Il s’en allait, il le savait, chez un petit agriculteur de province et, accessoirement, prédicateur à l’église. Tout ne pouvait que très bien se passer. Une formalité pour faire plaisir à M. qui y tenait. Elle voulait qu’il aille faire sa demande à ses parents, il le ferait. C’est ce qui se fait. Bientôt, ils convoleraient en justes noces et tout le monde serait content pour eux. Mais, il y avait son père. Son père qui, lorsqu’il était bien plus jeune que lui maintenant, avait volé une poule. Son père qui est si fier d’avoir un fils ingénieur. Son père qui lui a tout donné et qui vient, de façon inattendue, de tout lui prendre. Il avait besoin d’aide. Il lui fallait de l’aide.

Naturellement, nous l’aidâmes. Réunion au sommet avec la famille de sa copine et quelques notables. Discussions en aparté avec la mère qui trouvait le père un peu dur et franchement ridicule mais bon. Discussions à plusieurs avec le père autour des péchés de jeunesse, des fils à ne pas blâmer pour les actes de leur père, de la réussite assurée du jeune homme, les avantages certains d’un tel mariage pour sa fille, de l’amour évident entre les deux jeunes personnes … le tout libéralement saupoudré de versets bibliques bien tournés. Nous finîmes par le convaincre. Le mariage eut lieu et ils eurent beaucoup (en fait 2) d’enfants.

Depuis quelques jours, je repense sans cesse à cette histoire. C’est presqu’une véritable hantise. De plus en plus, dans ma vie professionnelle, et même sociale, je me retrouve dans des situations où je dois « socialiser » avec des fraudeurs, des voleurs, des corrupteurs, des corrompus … des criminels connus, comme s’ils étaient des gens parfaitement respectables. En général, toute l’assistance, ou presque, sait parfaitement à quel point ces gens sont vils mais nous voilà tous tout sourire. Par bonne éducation, j’évite de faire un esclandre. Dans ma tête, j’écris un billet cinglant que je sais que je ne publierai jamais. Quand je le peux, je pars fulminer un instant dans un coin puis revient avec un visage impassible où, malgré moi et de façon fugace, s’inscrit toutefois, on me l’a dit, un certain dégoût.

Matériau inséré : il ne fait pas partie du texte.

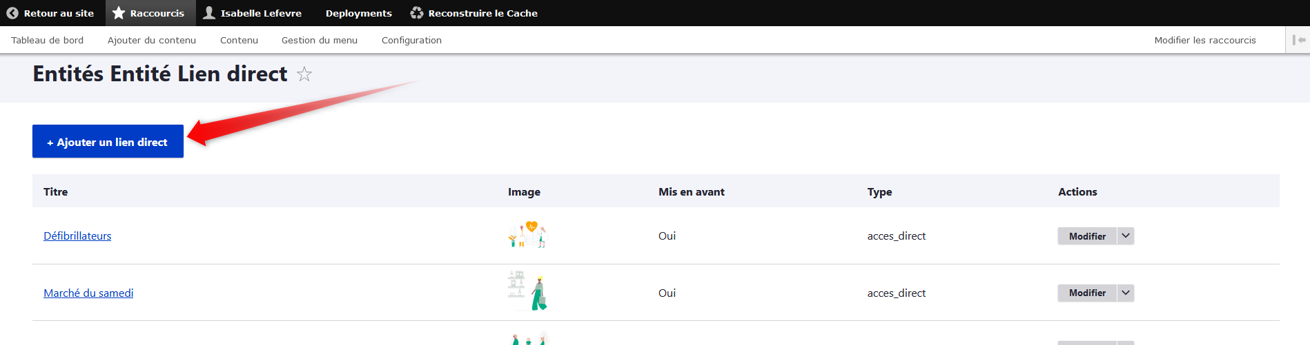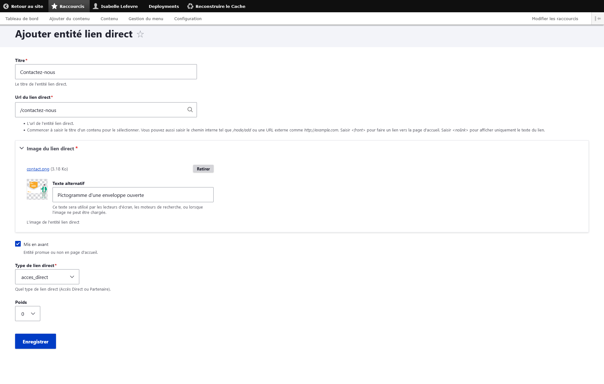 Cochez la case "Mis en avant" puis choisissez "acces_direct" dans le type de lien direct. Vous pouvez choisir un poids, cela jouera sur l'emplacement de l'accès direct dans la rubrique de la page d'accueil. Si le poids est grand (+20), l'accès direct sera le premier à gauche de vos accès directs. Enfin, cliquez sur "Enregistrer".
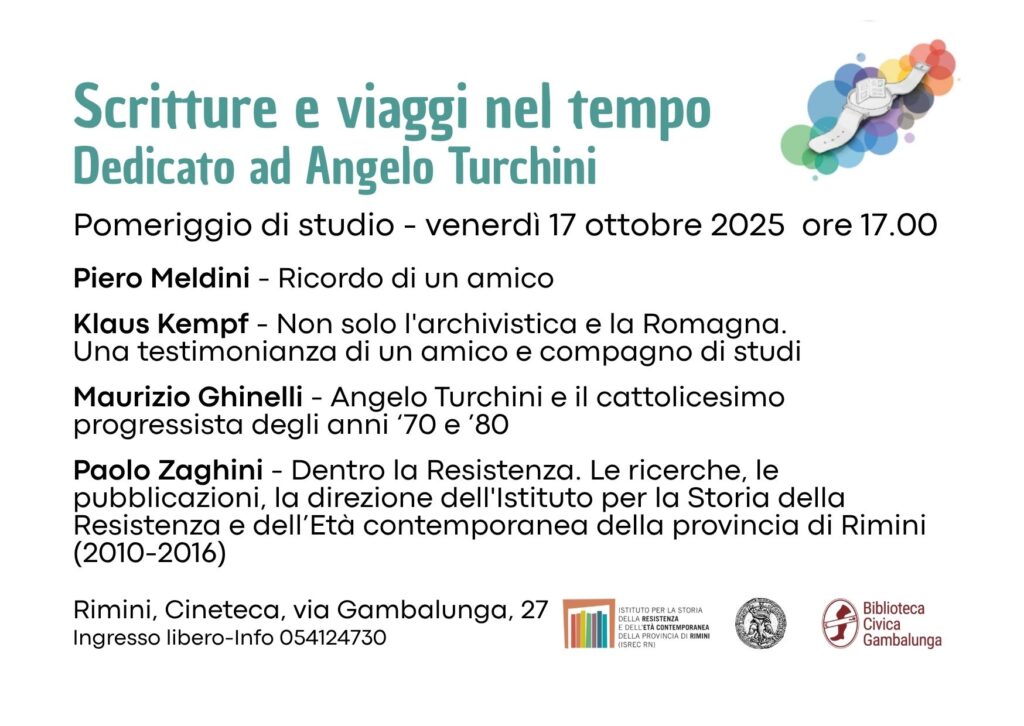In programma gli interventi di Piero Meldini (Ricordo di un amico), Klaus Kempf (Non solo l’archivistica e la Romagna. Una testimonianza di un amico e compagno di studi), Maurizio Ghinelli (Angelo Turchini e il cattolicesimo progressista degli anni ‘70 e ’80) e Paolo Zaghini (Dentro la Resistenza. Le ricerche, le pubblicazioni, la direzione dell’Istituto per la Storia della Resistenza e dell’Età contemporanea della provincia di Rimini, 2010-2016).
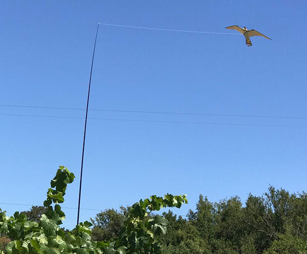 Crockett installed Falcon FrightKitesTM throughout the 750-acre vineyard at Kunde Ranch. His assessment of their performance speaks volumes: "The kites work better than anything else I have tried in my 15 years in the business. Although nothing is perfect, the kites are as good a commercially-available solution as it gets. Its ability to move like an actual falcon at the end of the pole makes all the difference."
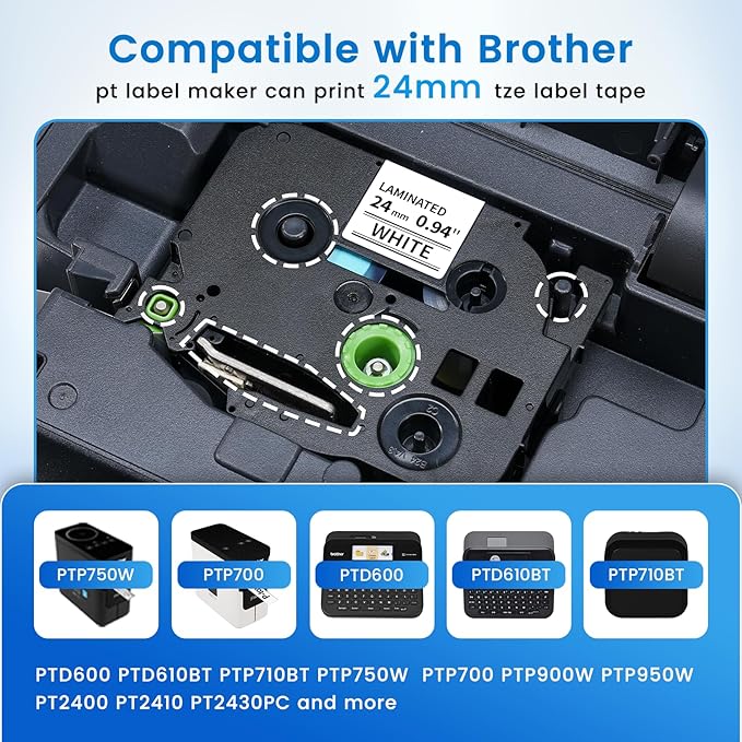 - Compatible with brother ptouch label maker (Max label width up to 24mm): PTD600 PTD610BT PT-P710BT PTP750W PTE500 PTE550W PTE800W PTH500LI PTP700 PTP900W PTP950W PT330 PT350 PT520 PT530 PT540 PT550 PT580C PT1400 PT1500PC PT1600 PT1650 PT2200 PT2210 PT2300 PT2310 PT2400 PT2410 PT2430PC PT2500PC PT2600 PT2610 PT2700 PT2710 PT2730 PT2730VP PT3600 PT7500 PT7600 PT9200DX PT9200PC PT9400 PT9500PC PT9600 PT9700PC PT9800PCN,etc.
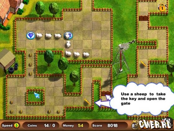 Фермер мечтает с помощью своих веселых и дружных овечек мечтает превратить захудалый хутор в богатое и процветающее хозяйство. Овечки собирают золото, а Вы указываете им путь. А ещё они водят грузовик и катер, обезвреживают бомбы и обладают потрясающим чувством юмора. Как хорошо в дождливые осенние будни перенестись в солнечное сельское лето! С новой игрой это стало возможно. Фермер мечтает превратить захудалый хутор в богатое и процветающее хозяйство, а веселые и дружные овечки помогают ему в этом нелегком деле. Они собирают золотые монетки в причудливых лабиринтах. А Вам остается лишь управлять их отважным отрядом!
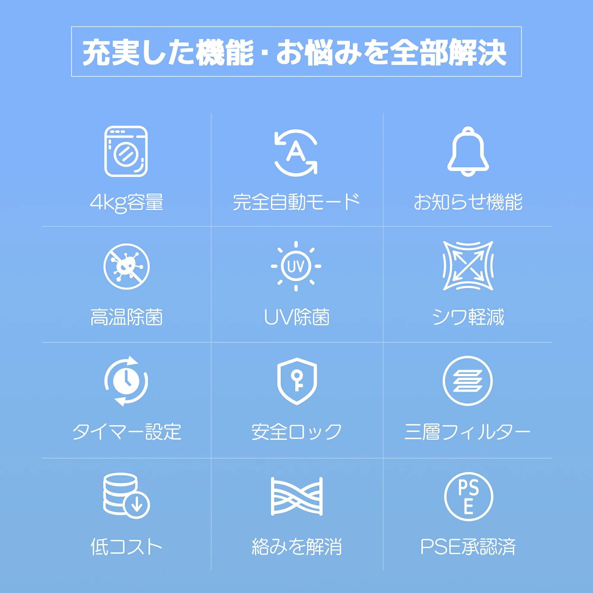 商品仕様 検索キーワード:【UV 高温除菌】SENTERN 衣類乾燥機 4kg 家庭用 小容量 小型 乾燥機 自動乾燥 温度調節 除湿 高温除菌 シワ取り 布団乾燥 アイロン 静音 チャイルドロック ドラム式 湿気対策 梅雨対策 カビ対策 花粉対策 PSE認証済み 商品名 衣類乾燥機 4kg 標準乾燥容量 4KG 商品サイズ 商品外寸:約幅41x奥行49x高さ61cm ?包サイズ ?包サイズ:約56x48x66cm ?包重量:約18kg 材質 ABS 消費電力 1000W 定格電圧 100/110V 定格周波数 50/60Hz 電気代参考 一回の標準乾燥コースは約34.73円 *電気料金34.73円/kWh、60Hzの場合(基本料金は加算せず) 注意事項 ※ご使用後は必ず電源プラグを抜いてください。 ※輸入品につき、多少の汚れ等見られる場合がございます。その点ご理解いただきご注文をお願い致します。 ※こちらの商品は家庭用乾燥機です。業務用ではありませんので宿泊施設やスポーツジム等、不特定多数の方が使用される場所での利用の場合は1年保証の対象外となります。 ※この商品は、お届け地域によってヤマト運輸または佐川急便でのお届けとなります。運送会社のご指定は出来ませんので、予めご了承ください。
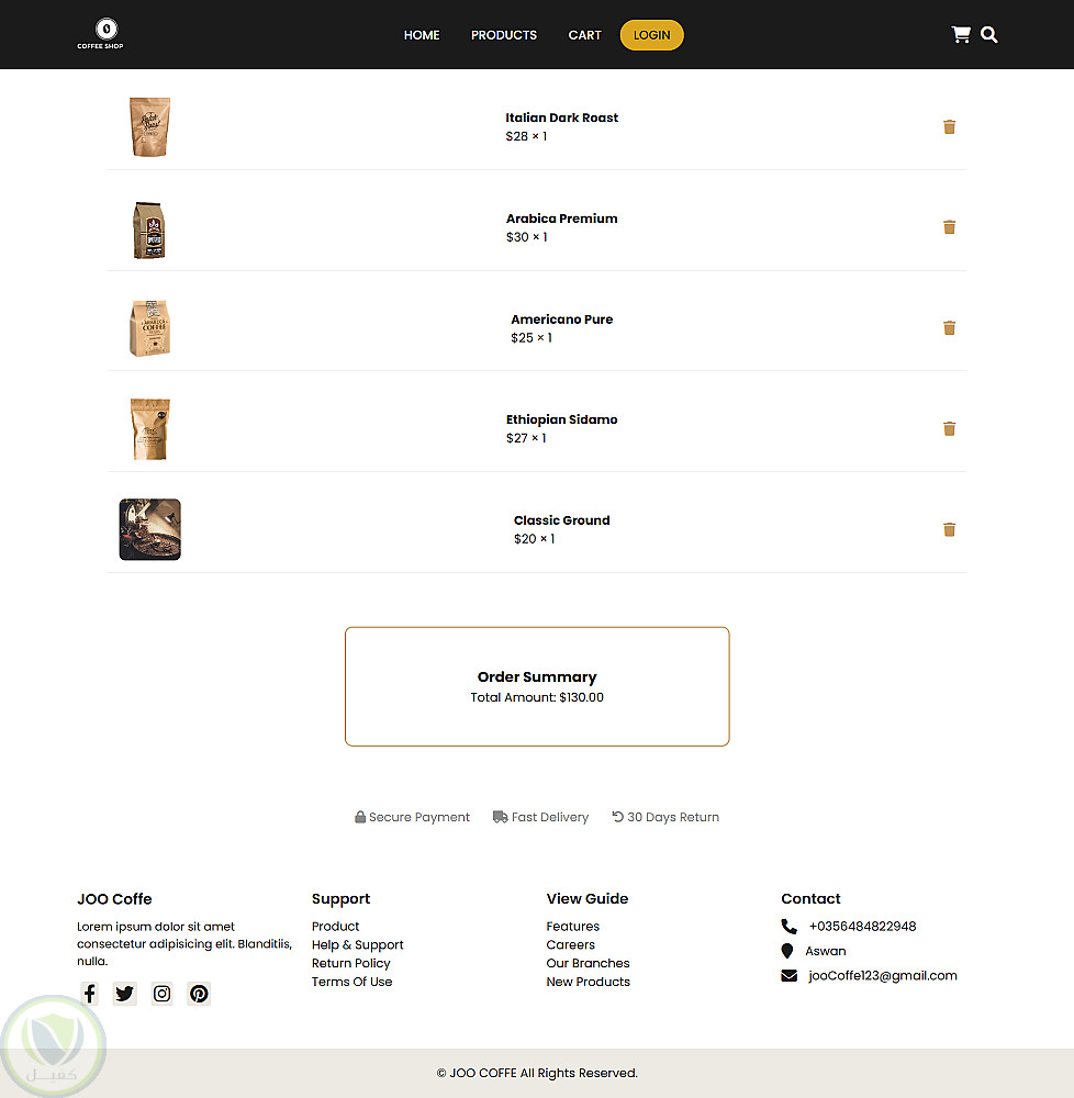 قمت بتطوير موقع ويب لبيع القهوة عبر الإنترنت يتيح للمستخدمين تصفح المنتجات وإدارة سلة المشتريات بسهولة.
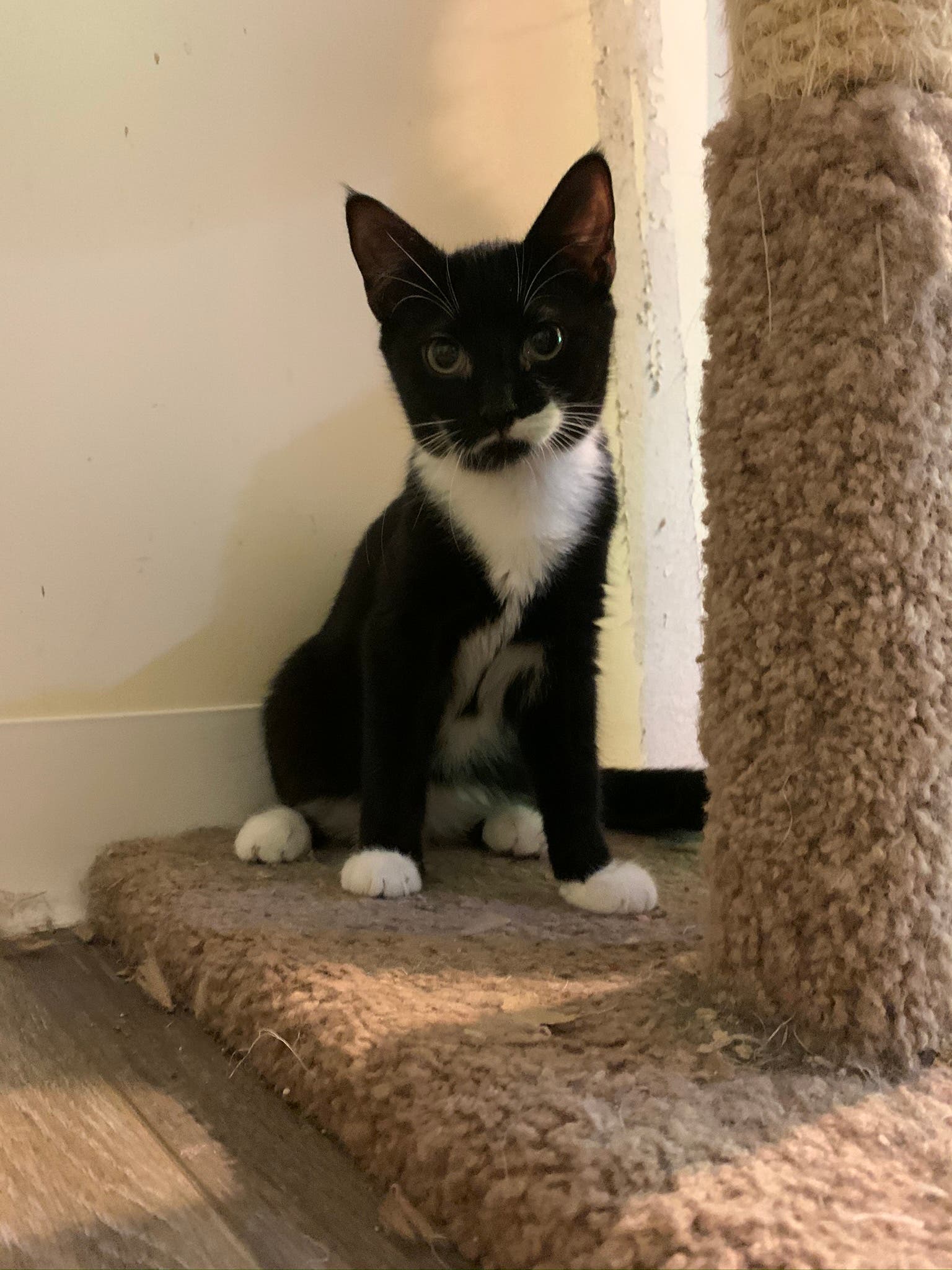 "This teeny tiny girl has a big personality and an even bigger appetite - she loves treats and will follow you anywhere if she believes you’ll give her some," the Huntington-based cat cafe told Patch. "She is very independent and finds joy playing with the many toys we have in our cattery. Buttons can sometimes be wary of new humans, and would do best in a home with someone(s) who will take the time to make her feel safe and loved."

Dans ces cas là, toujours, je me demande qu’est-ce qui nous est arrivés ? Comment sommes-nous passés d’un peuple où l’acte d’un seul pouvait amener le déshonneur à toute sa famille (qui devait alors rapidement et publiquement s’en distancer) à ces personnes qui invitons et accueillons  dans nos salons des gens à la réputation sulfureuse. La rationnelle en moi raisonne en termes de suceurs et de nation d’humiliés mais je sais (sens) qu’il doit y avoir plus. Je crois que, en tant que peuple, nous sommes en train de perdre notre âme.

4 commentaires

  1. L'observacteur

    En fait j’adore lire vos billets. Ils sont d’une fluidité tellement succulente qu’on en savoure comme une bonne tasse de café chaud servie au petit matin, ou, si on veut bien bien comme un repas d’apparat bien mérité après s’être gavé dans la mal-bouffe. Vous n’écrivez pas sur du sable, sachez-le.